- **WHAT YOU NEED TO DO**
Write the listing out once more, identical to the original but without pictures.
+++++
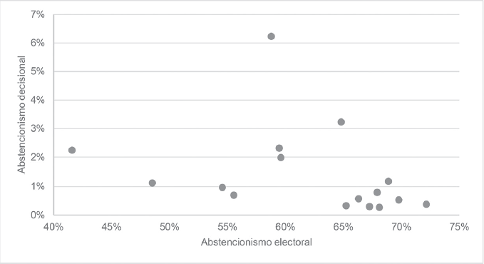 Por otro lado, “también es posible problematizar el abstencionismo desde una tensión entre la participación electoral y la decisión electoral” (Soto y Giraldo, 2016: 251), entendiendo que el abstencionismo decisional es el resultado de los ciudadanos que expresan diferentes intensidades de decisión aunque compartan iguales intensidades de participación, como sucede con las elecciones legislativas y locales en Colombia. Lo anterior significa que todos los electores expresan la misma intensidad de participación porque el voto está pensado en términos categóricos, aunque al escoger entre las tres o cuatro autoridades las intensidades de decisión cambian entre un elector y otro.
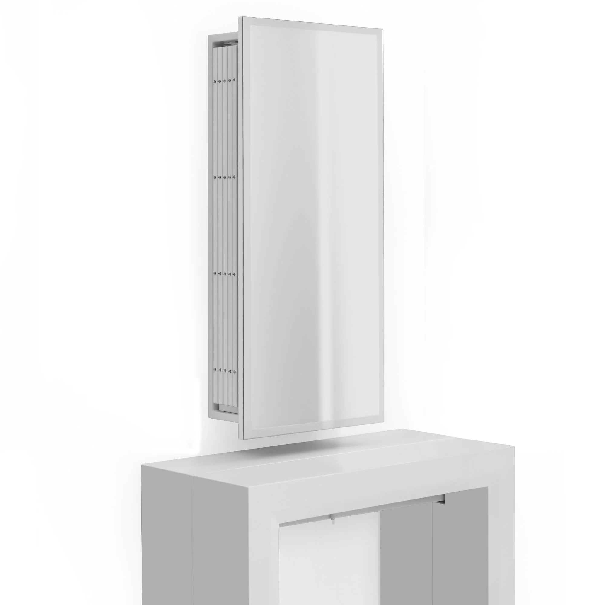 The Occulto Mirror brilliantly stores 5x Junior Giant Table extensions leaves behind the mirror. Place the mirror on a wall above your extending console to dining table and pull out an extension from the storage compartment when you want to expand your dining table. It can also store other items of your choosing or you can fit 2x Nano folding chairs inside and 1 extensions for a rapid 2 person expansion.
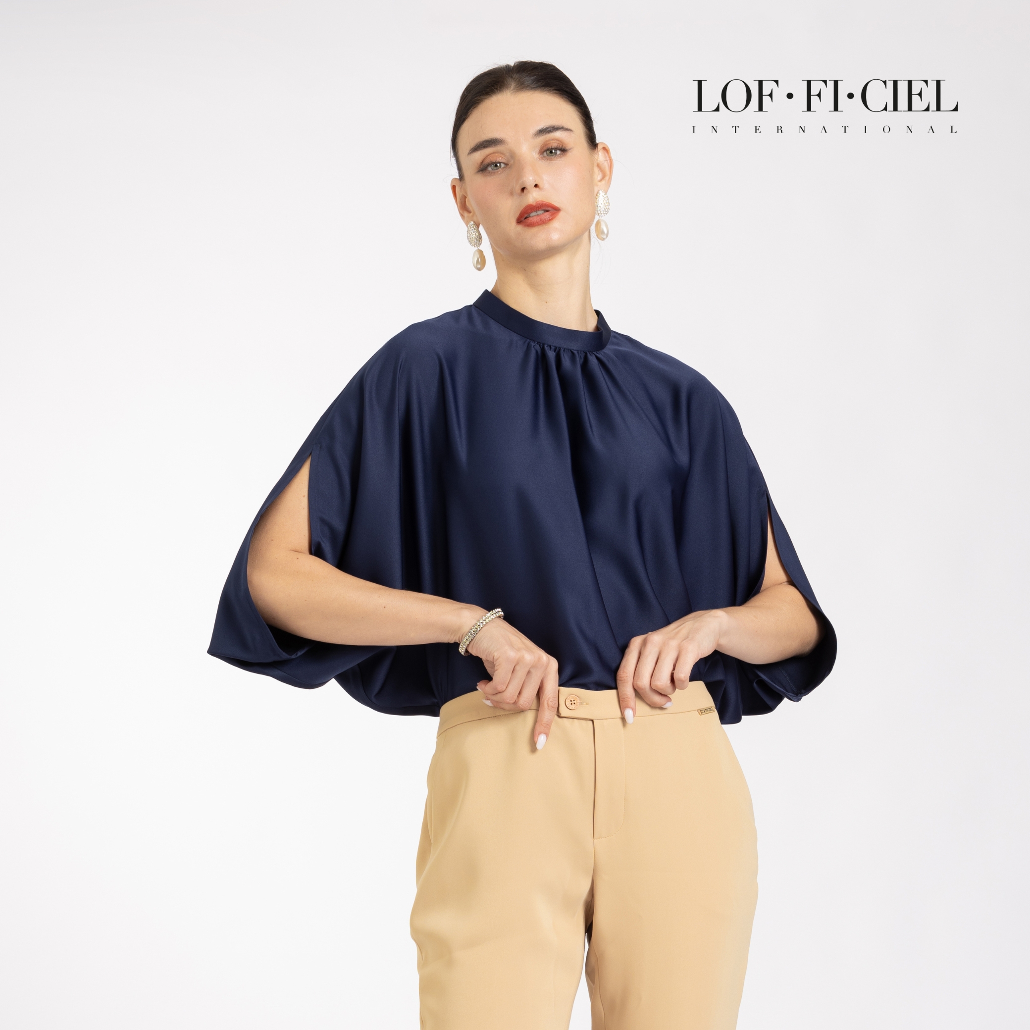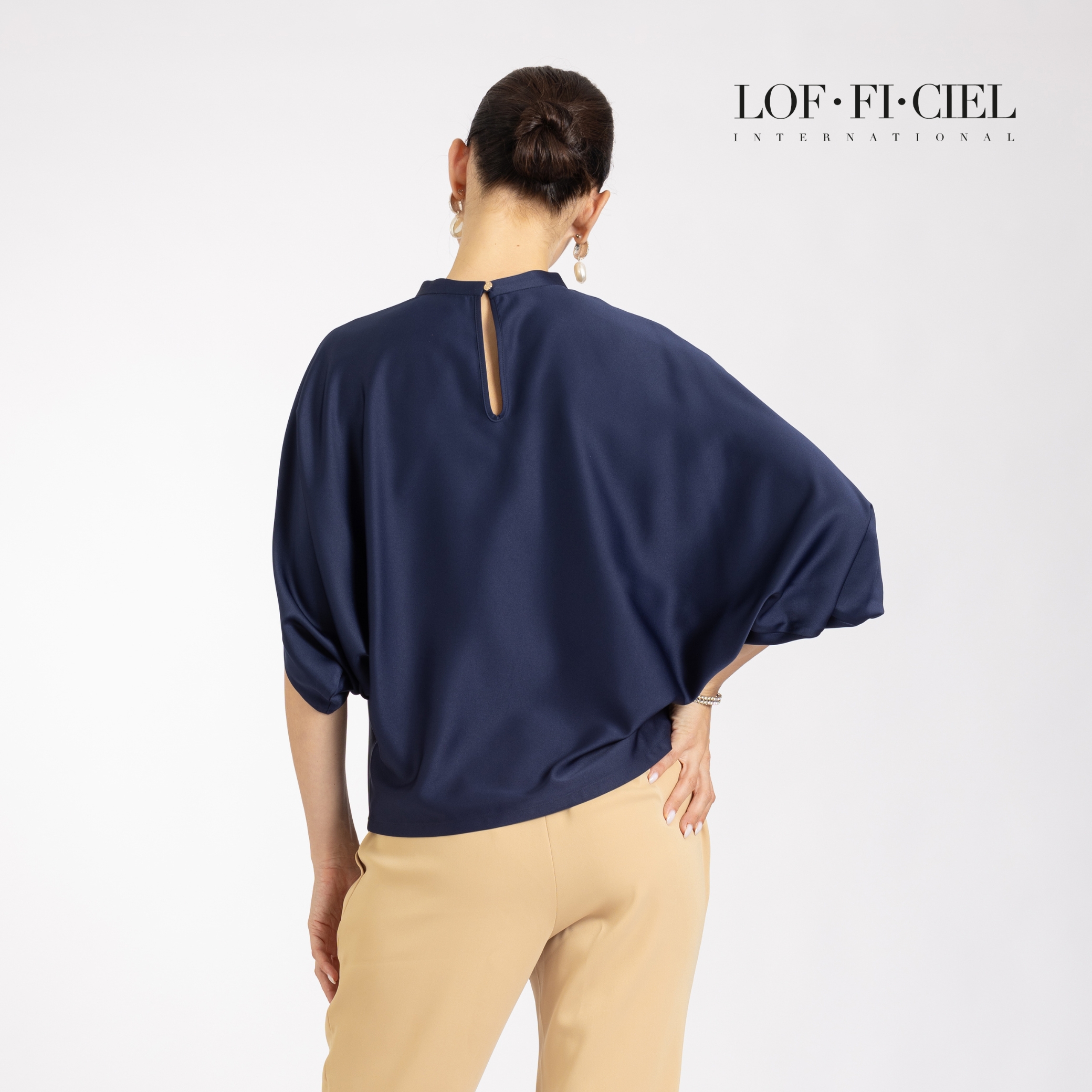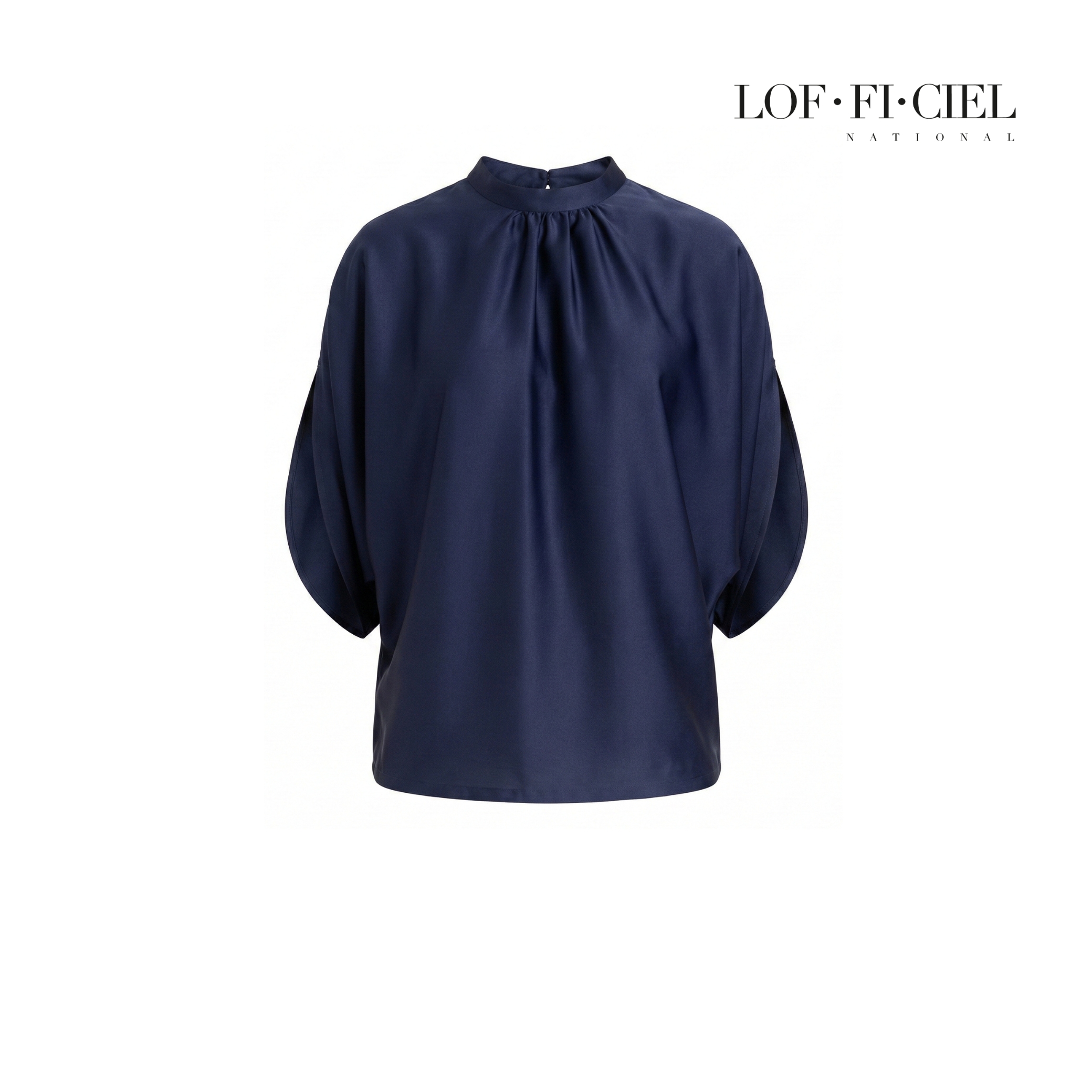 เสื้อผู้หญิง LOF-FI-CIE สีกรม ผลิตจากผ้าซิลค์ซาตินเนื้อเนียน ให้สัมผัสลื่นและเงางาม ดีไซน์เบลาส์คอตั้ง ทรงหลวม แขนสี่ส่วนแบบไม่ตัดต่อแขน เพิ่มดีเทลรูดช่วงคอช่วยพลางสรีระช่วงอก สวมใส่สบาย เคลื่อนไหวคล่องตัว เหมาะสำหรับวันทำงาน ลุคธุรกิจ หรือโอกาสพิเศษที่ต้องการความสุภาพอย่างมีรสนิยม
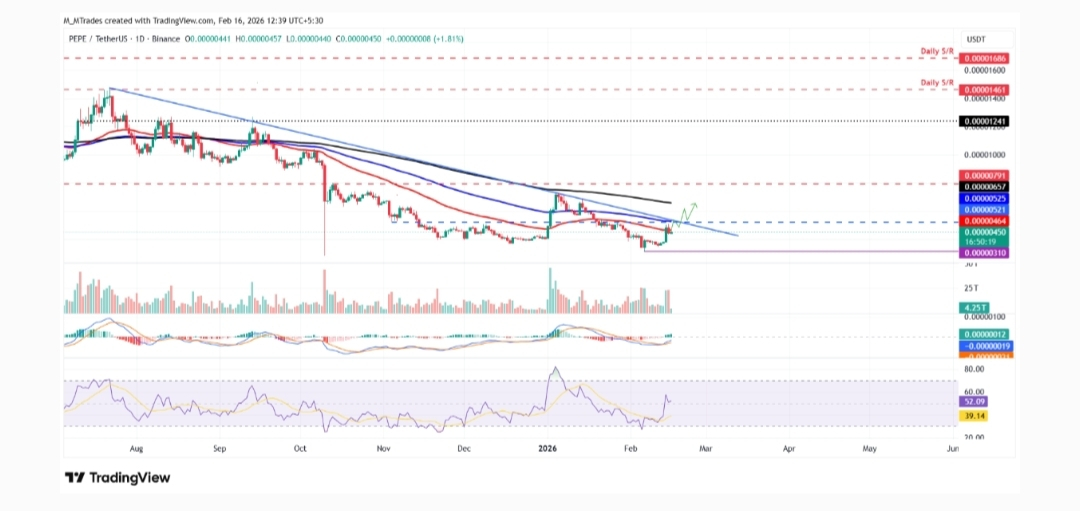 Da una prospettiva grafica, PEPE ha riconquistato la sua zona EMA a 50 giorni (~$0.0000046) — un'area di supporto dinamico comunemente osservata. Mantenere sopra questo livello segnala una struttura di trend in miglioramento.
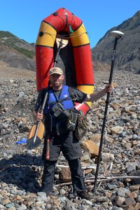 — Andrew Mattox surveyed tsunami runup in some difficult to reach places - clambering through alder and paddling Taan Fjord with high-tech GPS instruments in-hand.
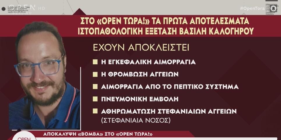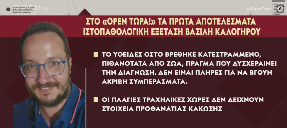 Όπως αποκάλυψε η εκπομπή “OPEN ΤΩΡΑ”, το μεσημέρι της Πέμπτης (03/04), τα πρώτα αποτελέσματα της ιστοπαθολογικής εξέτασης του Καλογήρου από εργαστήριο της Θεσσαλονίκης αποκλείει ουσιαστικά τον παθολογικό θάνατο και αφήνει ανοιχτό το ενδεχόμενο εγκληματικής ενέργειας.
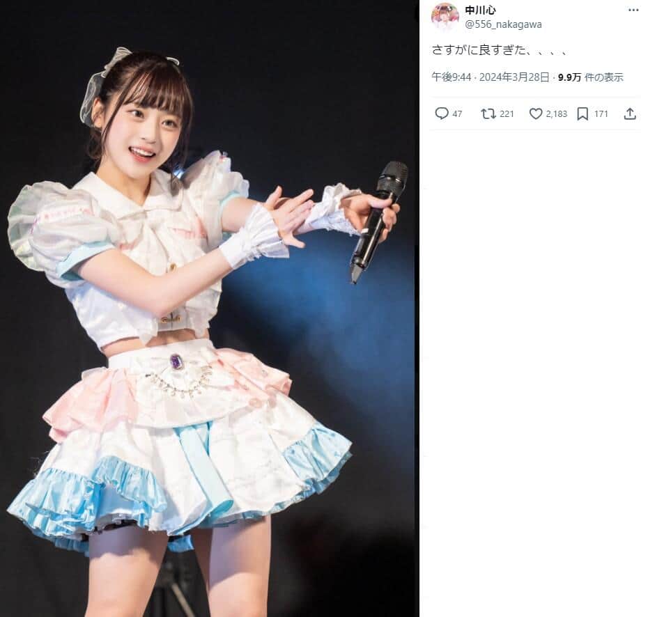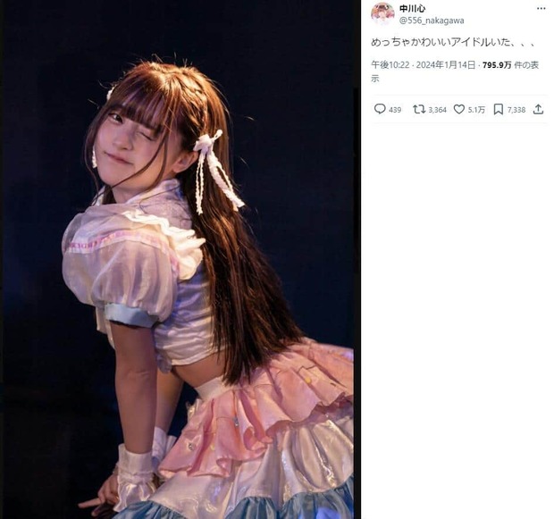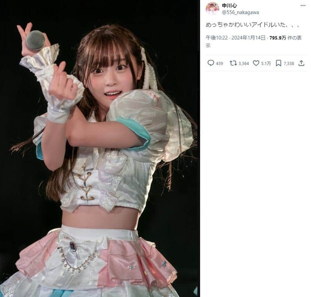 2024.04.21 18:00ライブを中心に活動する、いわゆる「地下アイドル」グループ「あまいものつめあわせ」メンバーの中川心さんが、2024年4月17日頃から、Xで「可愛すぎる」などとして注目を集めている。中川さんも反響を受け、同日にXで自身をアピールする投稿をしている。17日、あるXユーザーが中川さんのライブ中の写真とともに、中川さんが可愛いという趣旨の投稿をした。(省略)全文
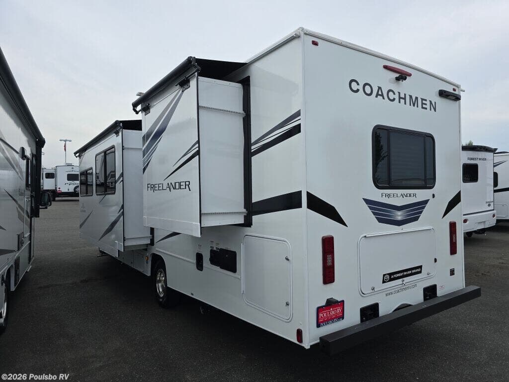 Embark on an unforgettable adventure with the 2026 Coachmen Freelander 31MB, a stunning Class C motorhome designed to elevate your RVing experience. This remarkable vehicle measures an impressive 32.81 feet in length, offering an expansive living area that encourages both relaxation and social enjoyment on your travels. Built for exploration, this brand-new model features a GVWR of 14500 pounds and a towing capacity of 7500 pounds, making it versatile enough to accommodate all your gear and necessities for those long road trips. The Freelander 31MB is perfect for families and friends, comfortably sleeping up to 8 people, ensuring everyone has a cozy spot to unwind after a day of adventure. With two thoughtfully designed slide-outs, the living space is opened up, enhancing the overall comfort and allowing for a spacious atmosphere that feels like home. Additionally, the front and rear power leveling jacks simplify the process of setting up camp, enabling you to enjoy your time outdoors without hassle. The single awning provides a charming shaded retreat where you can savor warm evenings under the stars. Inside, the interior is equipped with features that prioritize comfort, making every journey memorable. As a family-owned, award-winning local RV dealer with multiple locations in Sumner, Everett, Kent, and Mt. Vernon Washington, Poulsbo RV is dedicated to helping you find your perfect RV. Stock#: M3659, VIN: 1FDXE4FN7SDD35662.
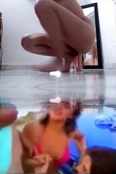 rothaarige und brünette haben spaß cute teen homemade dildoing dem spiegel
+++++
- **RESULT OF THE EXERCISE**
 Por otro lado, “también es posible problematizar el abstencionismo desde una tensión entre la participación electoral y la decisión electoral” (Soto y Giraldo, 2016: 251), entendiendo que el abstencionismo decisional es el resultado de los ciudadanos que expresan diferentes intensidades de decisión aunque compartan iguales intensidades de participación, como sucede con las elecciones legislativas y locales en Colombia. Lo anterior significa que todos los electores expresan la misma intensidad de participación porque el voto está pensado en términos categóricos, aunque al escoger entre las tres o cuatro autoridades las intensidades de decisión cambian entre un elector y otro.
 The Occulto Mirror brilliantly stores 5x Junior Giant Table extensions leaves behind the mirror. Place the mirror on a wall above your extending console to dining table and pull out an extension from the storage compartment when you want to expand your dining table. It can also store other items of your choosing or you can fit 2x Nano folding chairs inside and 1 extensions for a rapid 2 person expansion.
 เสื้อผู้หญิง LOF-FI-CIE สีกรม ผลิตจากผ้าซิลค์ซาตินเนื้อเนียน ให้สัมผัสลื่นและเงางาม ดีไซน์เบลาส์คอตั้ง ทรงหลวม แขนสี่ส่วนแบบไม่ตัดต่อแขน เพิ่มดีเทลรูดช่วงคอช่วยพลางสรีระช่วงอก สวมใส่สบาย เคลื่อนไหวคล่องตัว เหมาะสำหรับวันทำงาน ลุคธุรกิจ หรือโอกาสพิเศษที่ต้องการความสุภาพอย่างมีรสนิยม
 Da una prospettiva grafica, PEPE ha riconquistato la sua zona EMA a 50 giorni (~$0.0000046) — un'area di supporto dinamico comunemente osservata. Mantenere sopra questo livello segnala una struttura di trend in miglioramento.
 — Andrew Mattox surveyed tsunami runup in some difficult to reach places - clambering through alder and paddling Taan Fjord with high-tech GPS instruments in-hand.
 Όπως αποκάλυψε η εκπομπή “OPEN ΤΩΡΑ”, το μεσημέρι της Πέμπτης (03/04), τα πρώτα αποτελέσματα της ιστοπαθολογικής εξέτασης του Καλογήρου από εργαστήριο της Θεσσαλονίκης αποκλείει ουσιαστικά τον παθολογικό θάνατο και αφήνει ανοιχτό το ενδεχόμενο εγκληματικής ενέργειας.
 2024.04.21 18:00ライブを中心に活動する、いわゆる「地下アイドル」グループ「あまいものつめあわせ」メンバーの中川心さんが、2024年4月17日頃から、Xで「可愛すぎる」などとして注目を集めている。中川さんも反響を受け、同日にXで自身をアピールする投稿をしている。17日、あるXユーザーが中川さんのライブ中の写真とともに、中川さんが可愛いという趣旨の投稿をした。(省略)全文
 Embark on an unforgettable adventure with the 2026 Coachmen Freelander 31MB, a stunning Class C motorhome designed to elevate your RVing experience. This remarkable vehicle measures an impressive 32.81 feet in length, offering an expansive living area that encourages both relaxation and social enjoyment on your travels. Built for exploration, this brand-new model features a GVWR of 14500 pounds and a towing capacity of 7500 pounds, making it versatile enough to accommodate all your gear and necessities for those long road trips. The Freelander 31MB is perfect for families and friends, comfortably sleeping up to 8 people, ensuring everyone has a cozy spot to unwind after a day of adventure. With two thoughtfully designed slide-outs, the living space is opened up, enhancing the overall comfort and allowing for a spacious atmosphere that feels like home. Additionally, the front and rear power leveling jacks simplify the process of setting up camp, enabling you to enjoy your time outdoors without hassle. The single awning provides a charming shaded retreat where you can savor warm evenings under the stars. Inside, the interior is equipped with features that prioritize comfort, making every journey memorable. As a family-owned, award-winning local RV dealer with multiple locations in Sumner, Everett, Kent, and Mt. Vernon Washington, Poulsbo RV is dedicated to helping you find your perfect RV. Stock#: M3659, VIN: 1FDXE4FN7SDD35662.
 rothaarige und brünette haben spaß cute teen homemade dildoing dem spiegel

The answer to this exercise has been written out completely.